Grids Ontology Improvement #827

hepengfe · 2022-06-07T01:28:24Z

This PR fixes #817.

Description of changes

change Grids -> Grid and move it to core.py as a data structure rather than an ontology
- dealing edge cases of residual grid cells(last grid cells per row/column). We use the image size as upper bound for these grid cells so they might be smaller than regular grid cells.
improve grid initialization in BoundingBox
add more properties and functions in Box based on three use cases.
- A standalone box (not associated with grid)
- Ground truth bounding box. (known absolute position and shape)
- Predicted bounding box. (associated with a grid cell and known height/width offsets)
add complete docstring with use cases in Box
Box condition attributes
- self._is_grid_associated
- self._is_box_center_set()

Possible influences of this PR.

Describe what are the possible side-effects of the code change.

Test Conducted

Describe what test cases are included for the PR.

…x the initialization parameter requirement)

…o grid_improve

hepengfe · 2022-06-07T23:41:36Z

The implementation design considerations is:

Regular shape CV objects should have a reference point. In our case, Box is an example and BoundingBox is even more special that its reference point needs to be center of grid cell.
Due to the limitation of ontology object __init__, we can not let Grid be the parameter to initialize BoundingBox and associate BoundingBox and Grid.
Based on the considerations above, I initialize both BoundingBox center and Box center (reference point) as the image center and record whether it's a default box center and whether it's associated with a grid. And it will give corresponding Warning/ValueError appropriately.
I provide methods to set box center(reference point) based on user input point location (cy, cx) or Grid.

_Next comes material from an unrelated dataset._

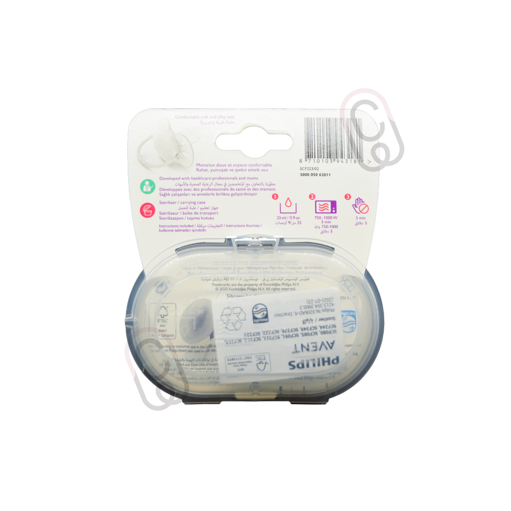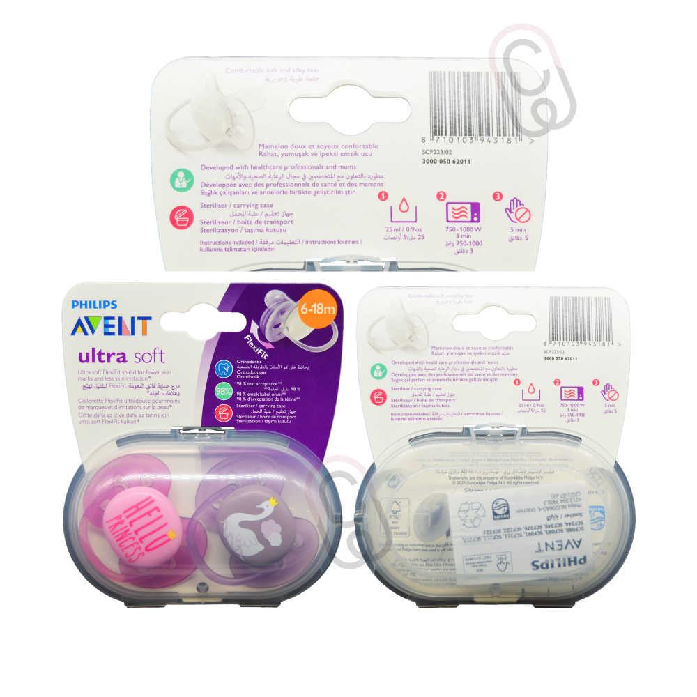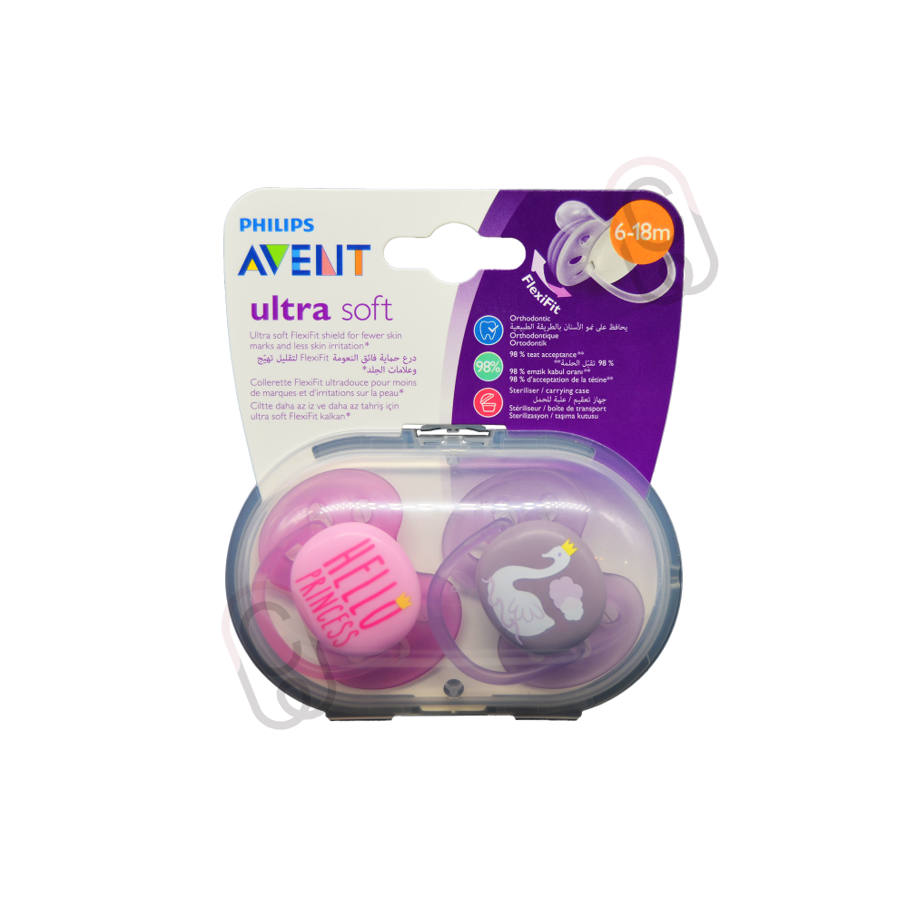 تتميز أفنت الترا سوفت لهاية 6-18 شهر بنات بملمسها الناعم وخفة وزنها، مما يجعلها مناسبة تماماً لطفلتك في هذه المرحلة العمرية. صممت اللهاية بنمط أورتودونتي يدعم نمو الفم والأسنان بشكل طبيعي، مع تصميم يلائم فم الطفل لتوفير راحة دائمة. اللهاية مصنوعة من مواد آمنة وخالية من مادة BPA، مما يضمن سلامة طفلتك ويتيح تهدئة طبيعية.

Several questions about the design:
I think Grid should be a class that is somehow independent from DataPack and specific image payload. As I think Grid is a just an interface that able to provides grid cell location given an image shape. As images in a dataset is basically the same, we might shouldn't create a Grid for every image. But it seems like Grid is bound to DataPack and DataPack contains few images. If we store grid inside DataPack, we might have to duplicate grid for each image.

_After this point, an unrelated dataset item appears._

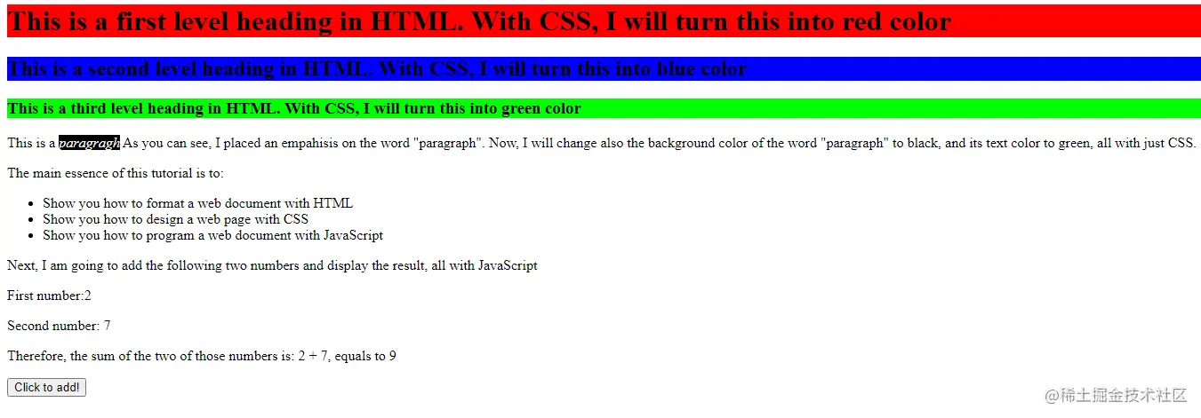 <p>Next, I am going to add the following two numbers and display the result, all with JavaScript<p/>

codecov · 2022-06-07T23:55:38Z

Codecov Report

Merging #827 (d48b693) into master (8e03abe) will increase coverage by 0.05%.
The diff coverage is 80.87%.

@@            Coverage Diff             @@
##           master     #827      +/-   ##
==========================================
+ Coverage   80.75%   80.81%   +0.05%     
==========================================
  Files         254      254              
  Lines       19364    19574     +210     
==========================================
+ Hits        15637    15818     +181     
- Misses       3727     3756      +29

Impacted Files	Coverage Δ
forte/data/data_store.py	`93.17% <ø> (ø)`
forte/data/entry_converter.py	`82.89% <ø> (-0.44%)`	⬇️
forte/data/ontology/top.py	`76.45% <68.96%> (+0.70%)`	⬆️
forte/data/ontology/core.py	`76.13% <72.09%> (-0.79%)`	⬇️
forte/data/data_pack.py	`85.49% <100.00%> (-0.03%)`	⬇️
tests/forte/grids_test.py	`100.00% <100.00%> (ø)`
tests/forte/image_annotation_test.py	`100.00% <100.00%> (ø)`

Continue to review full report at Codecov.

Legend - Click here to learn more
Δ = absolute <relative> (impact), ø = not affected, ? = missing data
Powered by Codecov. Last update 8e03abe...d48b693. Read the comment docs.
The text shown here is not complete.